Start of THE DATA

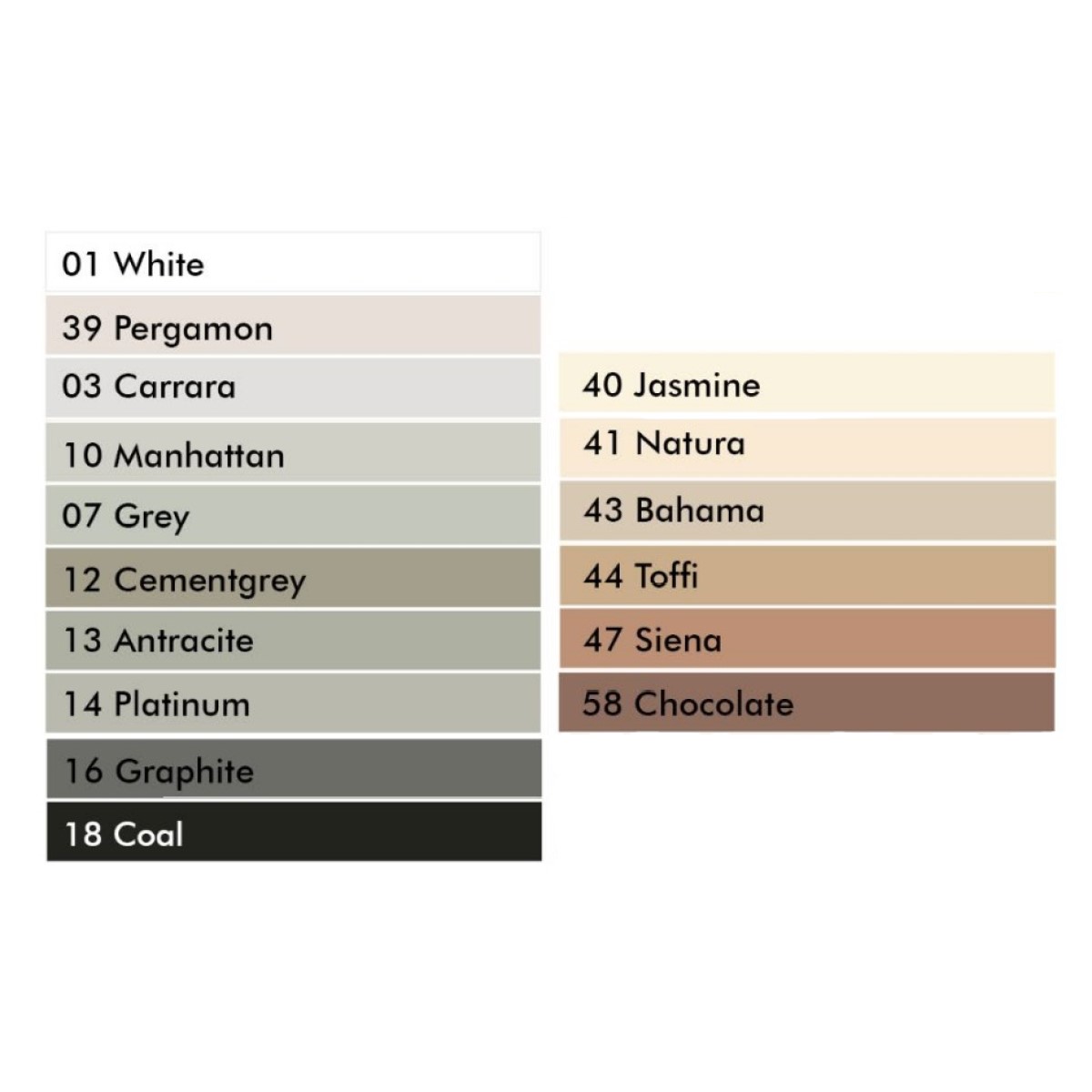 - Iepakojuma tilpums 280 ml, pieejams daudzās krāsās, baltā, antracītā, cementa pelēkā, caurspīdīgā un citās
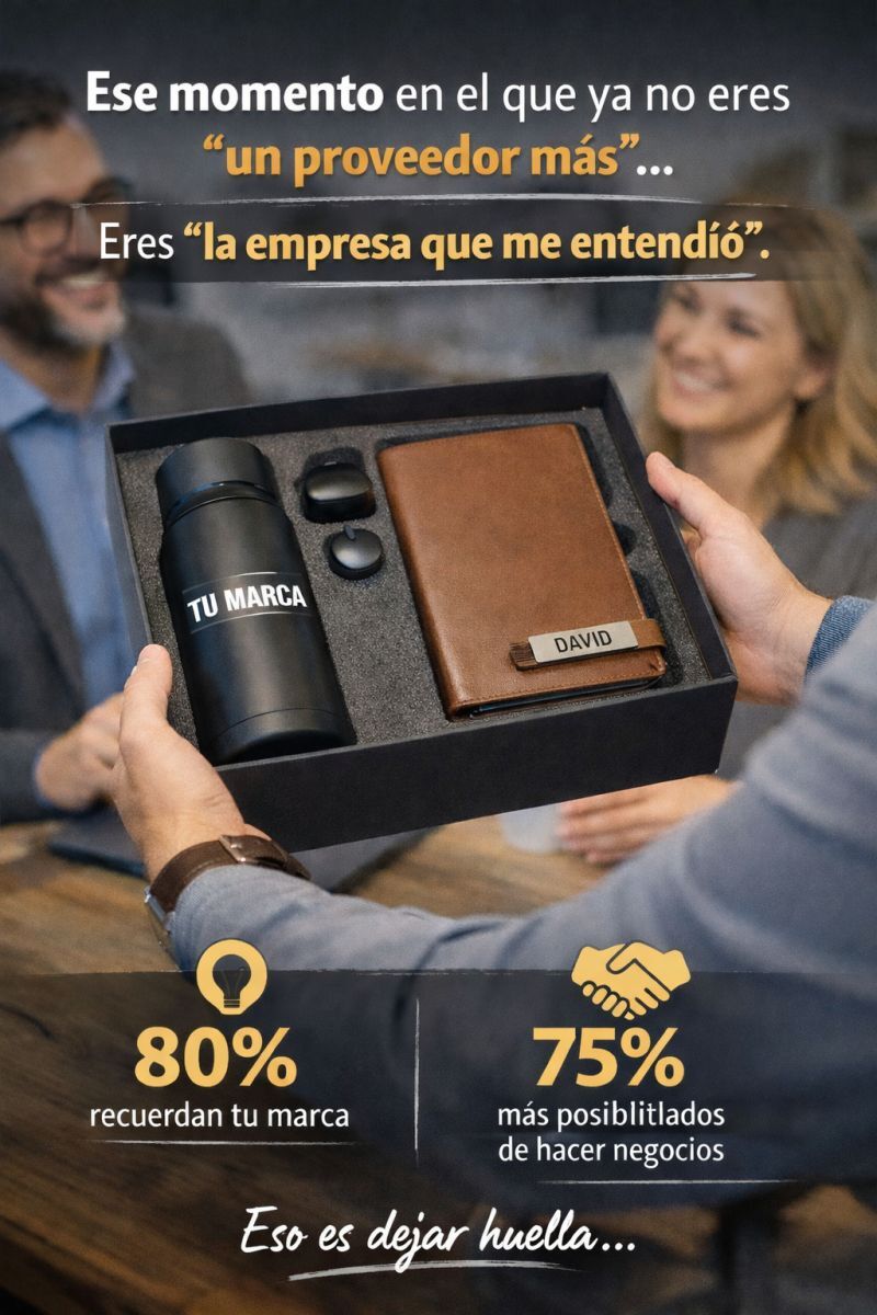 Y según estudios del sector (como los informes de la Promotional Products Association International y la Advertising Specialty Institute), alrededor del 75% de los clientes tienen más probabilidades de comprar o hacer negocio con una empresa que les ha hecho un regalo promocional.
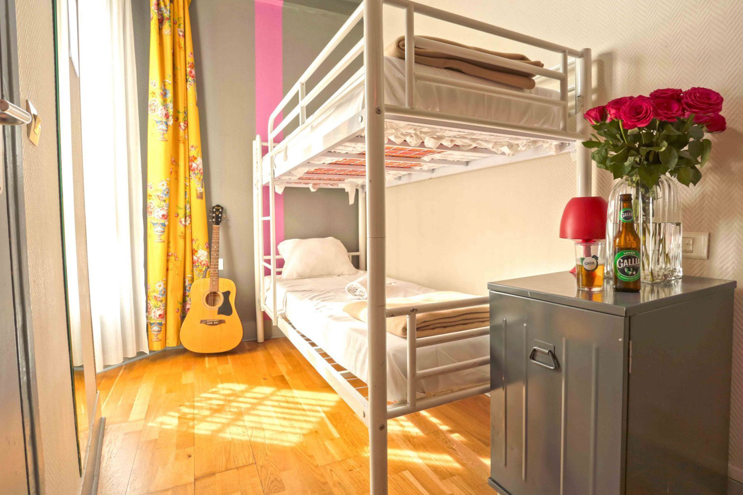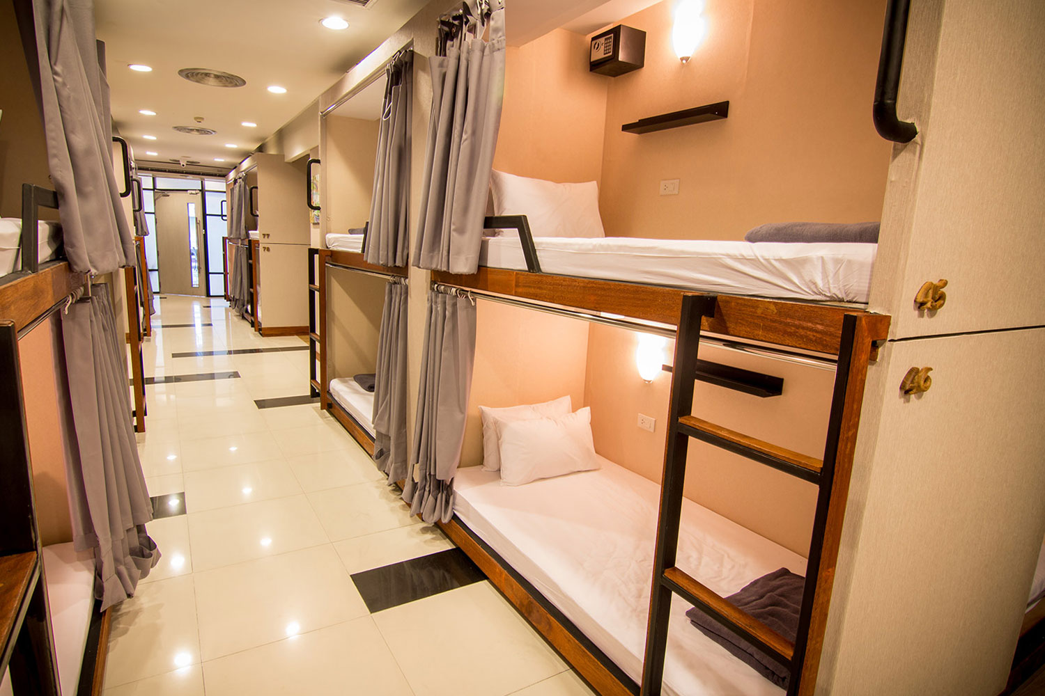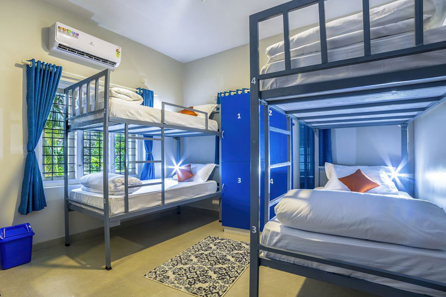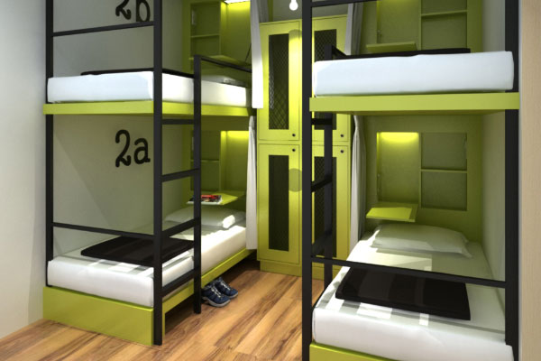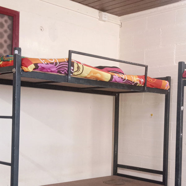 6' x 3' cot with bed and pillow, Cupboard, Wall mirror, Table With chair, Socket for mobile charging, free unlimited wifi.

End of THE DATA

WHAT YOU HAVE TO DO: Word for word, return the listing above; the pictures do not belong in the copy.

RESPONSE:
 - Iepakojuma tilpums 280 ml, pieejams daudzās krāsās, baltā, antracītā, cementa pelēkā, caurspīdīgā un citās
 Y según estudios del sector (como los informes de la Promotional Products Association International y la Advertising Specialty Institute), alrededor del 75% de los clientes tienen más probabilidades de comprar o hacer negocio con una empresa que les ha hecho un regalo promocional.
 6' x 3' cot with bed and pillow, Cupboard, Wall mirror, Table With chair, Socket for mobile charging, free unlimited wifi.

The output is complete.